6-Customizable to Your Taste
These pancakes are a blank canvas—add cinnamon, blueberries, sugar-free chocolate chips, or even protein powder for your own twist!
7-Great for Meal Prep
Make a big batch, store them in the fridge, or freeze them for quick and easy breakfasts all week long! Just reheat and enjoy.
If you love easy, healthy, and delicious breakfasts, these Greek Yogurt Protein Pancakes will become your new favorite!
How to make Greek Yogurt Protein Pancakes

Ingredients:
Dry Ingredients:
- ½ cup almond flour
- 1 tbsp coconut flour
- 1 tsp baking powder
- ½ tsp cinnamon (optional)
- 1 pinch salt
Wet Ingredients:
- ½ cup Greek yogurt (plain, full-fat for best texture)
- 2 large eggs
- 1 tbsp unsweetened almond milk (or water)
- 1 tsp vanilla extract
- 1 tbsp sugar-free sweetener (monk fruit, erythritol, or stevia)
Instructions:
1. Mix the Batter
In a medium bowl, whisk the Greek yogurt and eggs until smooth. Add the almond flour, protein powder, baking powder, vanilla extract, and a pinch of salt. Stir until the ingredients are well combined. The batter should be thick, but easy to pour.
Pro Tip: If the batter is too thick, add a tablespoon of almond milk to thin it out.
2. Heat the Pan
Preheat a non-stick skillet over medium heat. Add a small amount of butter or coconut oil to grease the pan.
3. Cook the Pancakes
Pour 1/4 cup of the batter onto the skillet for each pancake. Cook for about 2-3 minutes on one side, or until bubbles form on the surface. Flip and cook for another 1-2 minutes until golden brown.
Pro Tip: To make them extra fluffy, cook them on low heat and be patient with flipping!
4. Serve and Enjoy
Once the pancakes are cooked through, serve them warm with your favorite toppings, like sugar-free syrup, fresh berries, or a dollop of Greek yogurt for even more protein!
Serve:
Pour your almond milk matcha latte into your favorite mug, sprinkle a bit of extra matcha on top for garnish, and enjoy!
Pro Tip: For an iced version, simply let the mixture cool and pour it over ice. Perfect for hot days!
Tips for the Perfect Greek Yogurt Protein Pancakes
- Don’t Overmix: When you combine the dry ingredients with the wet, stir just until combined. Overmixing can make the pancakes dense.
- Low Heat for Fluffiness: Cooking at a lower temperature helps the pancakes cook evenly and rise beautifully without burning.
- Choose the Right Protein Powder: Opt for a protein powder that blends well and complements the yogurt flavor. Vanilla is a safe and tasty option.
Why this Almond Greek Yogurt Protein Pancakes
- It’s a nutritional powerhouse, with loads of protein and healthy fats to keep you full for hours.
- Low-carb eaters love it for being satisfying without the sugar crash.
- Busy mornings? No problem! You can make these pancakes in batches and freeze them for meal prep.

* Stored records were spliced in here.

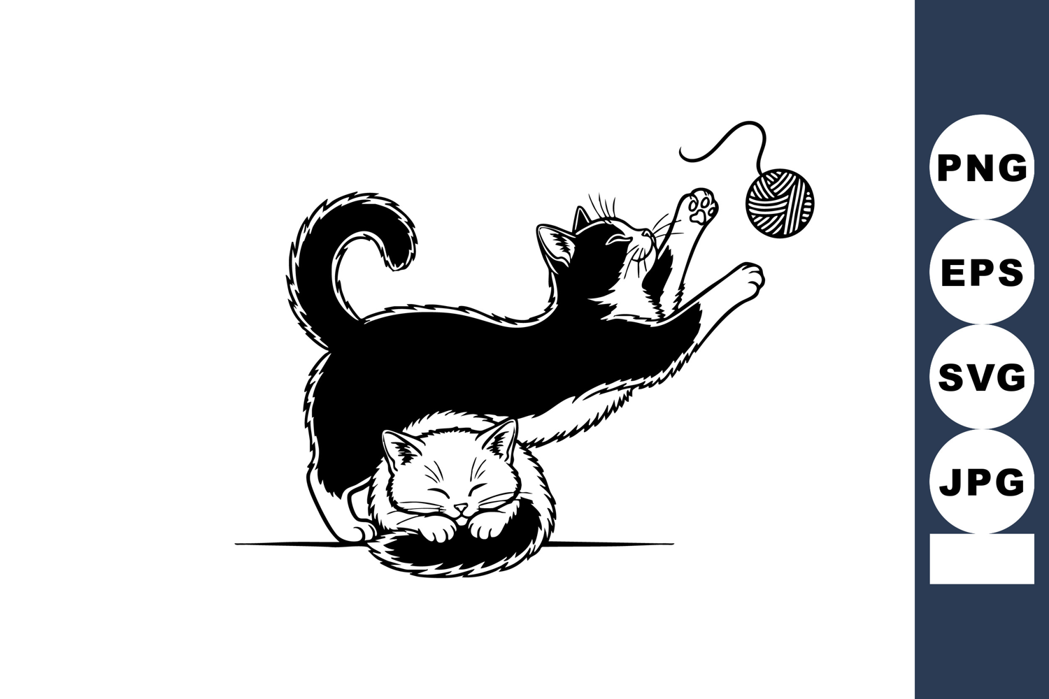 Two contrasting cats appear in bold black and white line art, with one peacefully sleeping while the other jumps toward a dangling yarn ball, ideal for pet posters, stickers, and playful branding graphics.
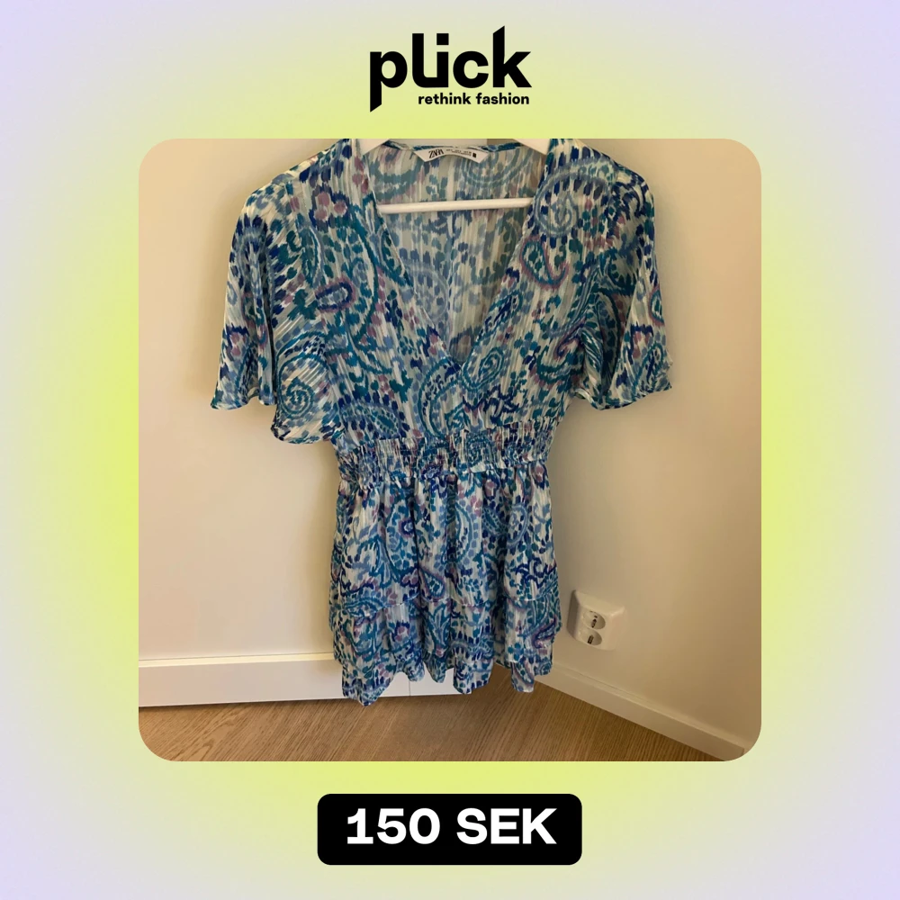 Säljer en superfin mönstrad klänning från Zara i blå och lila toner. Den har en v-ringad design med korta ärmar och ett elastiskt band i midjan för en smickrande passform. Perfekt för sommarens alla tillfällen! 🌸
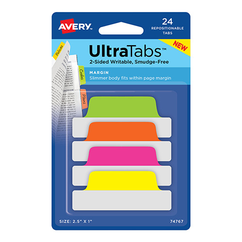 Banderita Avery Ultra Tabs Neon, 2.5 x 1 pulgadas

- It offers endless variations, so you can tweak the flavors every time you make them.
More Healthy and Easy Breakfast Ideas to Kickstart Your Day
Start your day right with a delicious breakfast that fuels your body and satisfies your taste buds! From fluffy cottage cheese eggs to refreshing smoothie bowls, we’ve got you covered with healthy, easy-to-make options.
- Fluffy Cottage Cheese Eggs
Looking for a protein-packed breakfast? Try our Fluffy Cottage Cheese Eggs—light, creamy, and perfect to kickstart your day! - Avocado and Egg Breakfast Bowl
For a wholesome and satisfying morning meal, check out our Avocado and Egg Breakfast Bowl—packed with healthy fats and protein! - Easy Keto Berry Smoothie Bowl
Craving something refreshing and sweet? Our Easy Keto Berry Smoothie Bowl is a quick, low-carb option full of antioxidants!

Greek Yogurt Protein Pancakes
- Total Time: 15 minutes
- Yield: 6 pancakes (2 servings) 1x
- Diet: Gluten Free
Description
These Greek Yogurt Protein Pancakes are fluffy, high in protein, and naturally low in carbs! Made with Greek yogurt, almond flour, and eggs, they are gluten-free, sugar-free, and perfect for a healthy breakfast. Ready in just 15 minutes, they’re a great post-workout meal or a delicious morning treat!
Ingredients
Dry Ingredients:
½ cup almond flour
1 tbsp coconut flour
1 tsp baking powder
½ tsp cinnamon (optional)
1 pinch salt
Wet Ingredients:
½ cup Greek yogurt (plain, full-fat for best texture)
2 large eggs
1 tbsp unsweetened almond milk (or water)
1 tsp vanilla extract
1 tbsp sugar-free sweetener (monk fruit, erythritol, or stevia)
Instructions
Mix Dry Ingredients
In a medium bowl, whisk together almond flour, coconut flour, baking powder, cinnamon, and salt to prevent lumps.
Whisk Wet Ingredients
In another bowl, mix Greek yogurt, eggs, almond milk, vanilla, and sweetener until smooth.
Combine & Let Rest
Gradually add the dry ingredients to the wet mixture. Stir gently until fully combined. Let the batter rest for 2 minutes to allow the coconut flour to absorb moisture.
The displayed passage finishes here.